Alito's nickname, machine gun sammy, is a complete misnomer because he has said himself that as long as the statute contains the interstate commerce reference, it would be valid.

Proof?

That would mean intrastate sales and possession would not be Federally regulated.
 
ctdonath

Please don't take this the wrong way, but I think it would be unfair of me not to post this information after reading your proposed course of action. You have two very major problems with your case.

The first is that, being in Georgia, you have no Second Amendment rights outside of membership in an organized militia. There is pretty clear Eleventh Circuit case law on this point. In fact, the only circuit to have found any individual right under the Second Amendment is the Fifth Circuit (Emerson), and the holding is so limited to be of zero value to you in this context (that is, the court found an individual right but declared that the right was not violated by the particular federal statute at issue).

The second is that the Commerce Clause is the source of 922(o). The Supreme Court of the United States just gave some pretty clear guidance last year to the Ninth Circuit on the Commerce Clause issue, and the Ninth Circuit reversed its prior ruling that Congress cannot regulate homemade machine guns as a result of the Supreme Court's direction. Here is a link some more discussion of the Commerce Clause decision.

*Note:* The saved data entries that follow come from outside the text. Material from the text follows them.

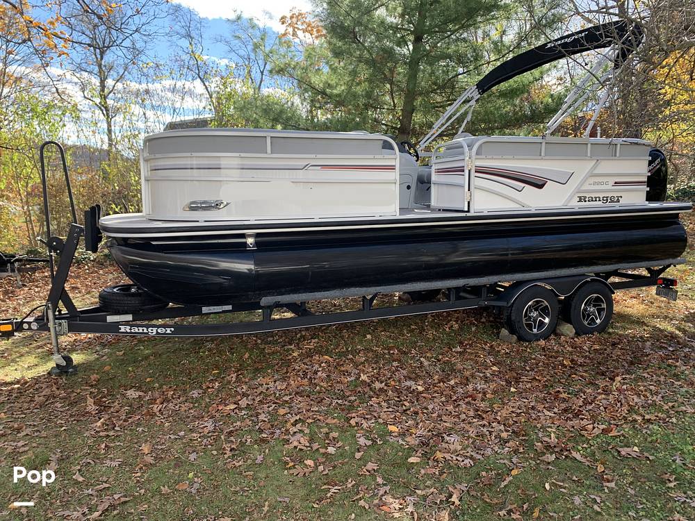 2020 Ranger Reata RP 220C 24' 2 long pontoon boat with a 102 deck width, a maximum horsepower of 150 HP, and a 32-gallon fuel capacity.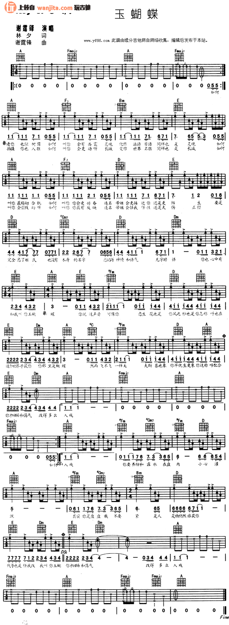 玉蝴蝶吉他谱 - 谢霆锋 - 吉他弹唱谱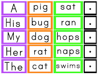 Its great practice for beginning readers! Basically, they can mix up the words any way they choose as long as they put it on the color strip in the correct color order: purple goes first, then orange, then pink, then finish with a black period card.
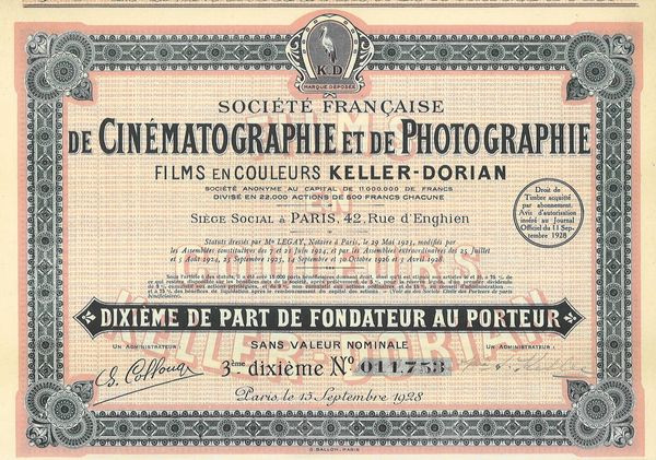 Sté Française de Cinématographie et de Photographie Films en Couleur Keller-Dorian (3 10ème de PF)

http://www.georgiapacking.org/forum/viewtopic.php?t=765

I also want to render some admittedly unsolicited advice. Get a lawyer. Even if you have to find a volunteer fresh out of law school related to your third cousin by marriage. It is a bad idea to proceed without one. Just because you think something is self evident does not mean it will be accepted in court, and there are a lot of procedural traps for the unwary.

I should also warn you that this lawsuit you are contemplating is not the first of its kind. The issue of machine guns and the Commerce Clause and the Second Amendment has been litigated many, many times in the federal courts with unsuccessful results.

Again, try if you must, but please go in with your eyes open.

Like this -----> :what:
 
I don't have it immediately available, but I'm pretty sure that he made that statement during his nomination hearings when asked about his dissenting opinion on the 3rd circuit for US v. Rybar. Now, he may have just been saying this to get past the confirmation hearings...who knows.

That would mean intrastate sales and possession would not be Federally regulated.

It would had the USSC not affirmed the 3rd circuit decision that congress does indeed have the authority to regulate intrastate commerce, as in ashcroft v. raich.

This is why I say that no gun control law will ever be ruled unconstitutional by this court while they heavily support the monstrosity of the commerce clause.